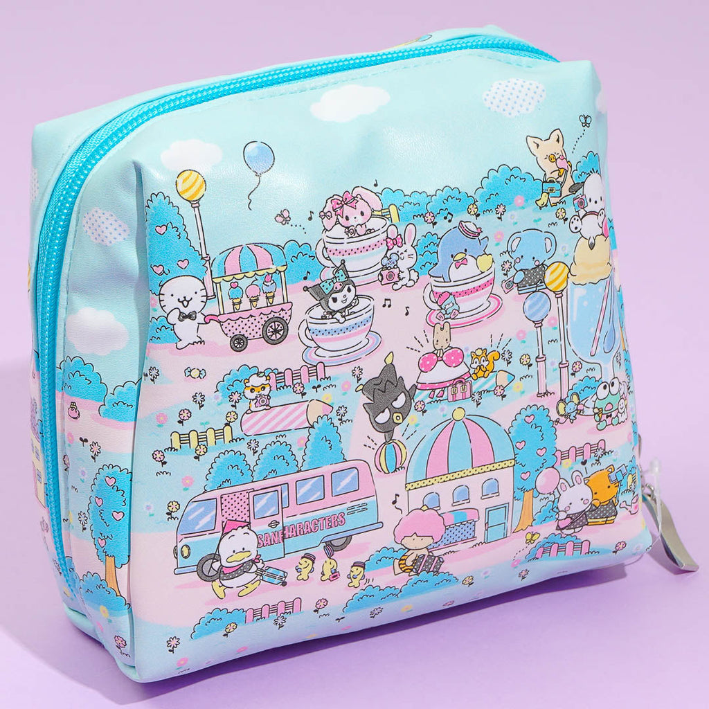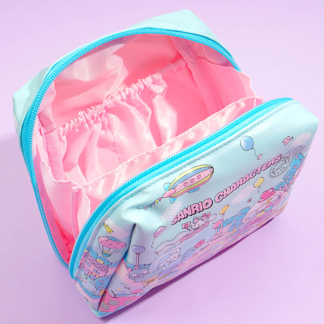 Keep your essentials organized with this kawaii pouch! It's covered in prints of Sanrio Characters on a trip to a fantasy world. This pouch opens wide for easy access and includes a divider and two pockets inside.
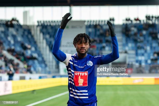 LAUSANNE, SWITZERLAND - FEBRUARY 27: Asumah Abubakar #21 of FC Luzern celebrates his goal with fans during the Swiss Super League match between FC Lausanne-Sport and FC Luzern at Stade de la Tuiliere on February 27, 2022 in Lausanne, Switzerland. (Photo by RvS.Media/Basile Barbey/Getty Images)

==

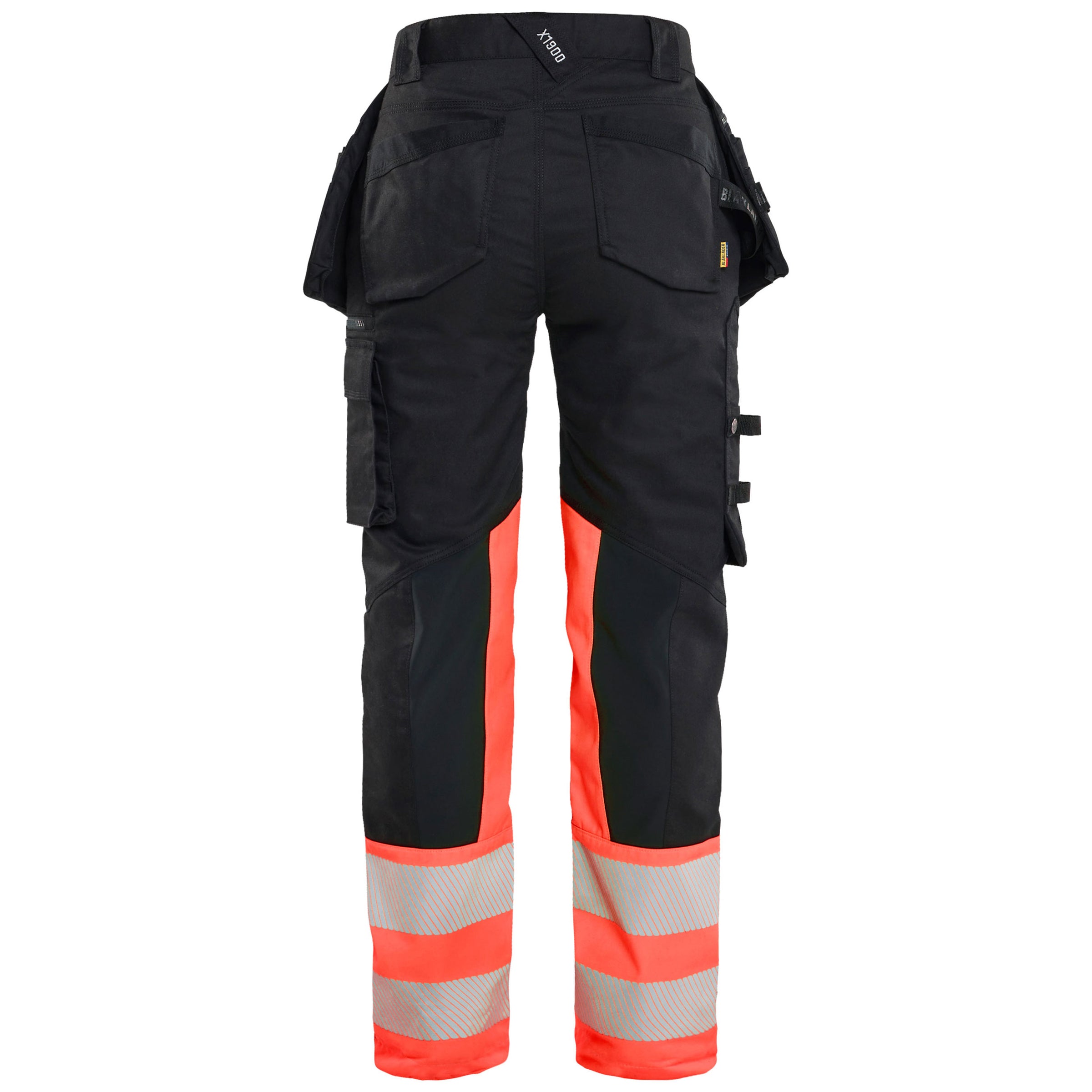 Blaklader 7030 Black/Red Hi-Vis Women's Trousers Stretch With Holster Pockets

** Exercise brief **
Every line from the one with "Keep your essentials" through the one with "LAUSANNE, SWITZERLAND - FEBRUARY" is to be reproduced exactly as written above, and the pictures are to be dropped.

** Answer box **
 Keep your essentials organized with this kawaii pouch! It's covered in prints of Sanrio Characters on a trip to a fantasy world. This pouch opens wide for easy access and includes a divider and two pockets inside.
 LAUSANNE, SWITZERLAND - FEBRUARY 27: Asumah Abubakar #21 of FC Luzern celebrates his goal with fans during the Swiss Super League match between FC Lausanne-Sport and FC Luzern at Stade de la Tuiliere on February 27, 2022 in Lausanne, Switzerland. (Photo by RvS.Media/Basile Barbey/Getty Images)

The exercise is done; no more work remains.